[EXTRACTED DATA]
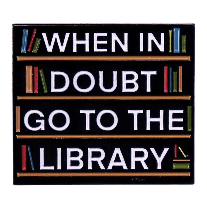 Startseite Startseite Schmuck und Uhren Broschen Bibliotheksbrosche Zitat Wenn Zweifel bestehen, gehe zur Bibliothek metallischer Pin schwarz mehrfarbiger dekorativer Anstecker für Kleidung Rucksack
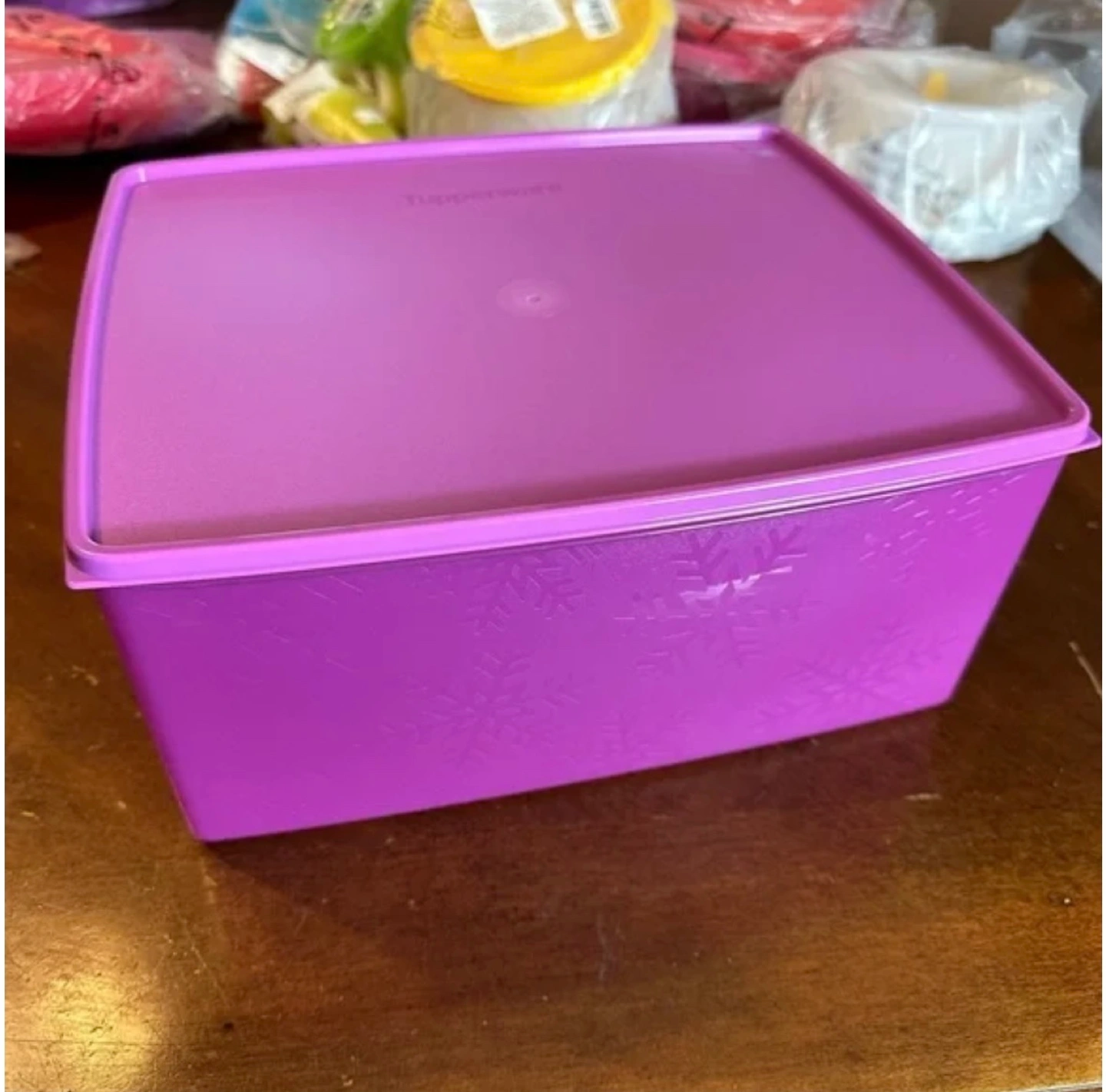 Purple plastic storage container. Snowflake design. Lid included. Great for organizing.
[/EXTRACTED DATA]
[EXTRACTED DATA]
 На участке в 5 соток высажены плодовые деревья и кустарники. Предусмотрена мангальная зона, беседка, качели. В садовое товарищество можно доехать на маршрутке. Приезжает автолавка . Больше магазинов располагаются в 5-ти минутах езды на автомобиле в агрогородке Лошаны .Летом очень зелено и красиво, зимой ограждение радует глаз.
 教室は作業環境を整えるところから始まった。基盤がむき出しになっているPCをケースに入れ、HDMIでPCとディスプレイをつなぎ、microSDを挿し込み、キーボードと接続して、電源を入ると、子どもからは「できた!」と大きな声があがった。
[/EXTRACTED DATA]
[EXTRACTED DATA]
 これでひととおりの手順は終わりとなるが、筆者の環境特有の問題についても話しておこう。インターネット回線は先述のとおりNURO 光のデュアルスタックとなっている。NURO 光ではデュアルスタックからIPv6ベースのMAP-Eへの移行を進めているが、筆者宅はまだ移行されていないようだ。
[/EXTRACTED DATA]
» **INSTRUCTIONS TO FOLLOW**: What belongs in the answer is each line above from the line with "Startseite Startseite Schmuck" to the line with "Purple plastic storage", inclusive, reproduced exactly and free of pictures.

» **EXERCISE ANSWER**:
 Startseite Startseite Schmuck und Uhren Broschen Bibliotheksbrosche Zitat Wenn Zweifel bestehen, gehe zur Bibliothek metallischer Pin schwarz mehrfarbiger dekorativer Anstecker für Kleidung Rucksack
 Purple plastic storage container. Snowflake design. Lid included. Great for organizing.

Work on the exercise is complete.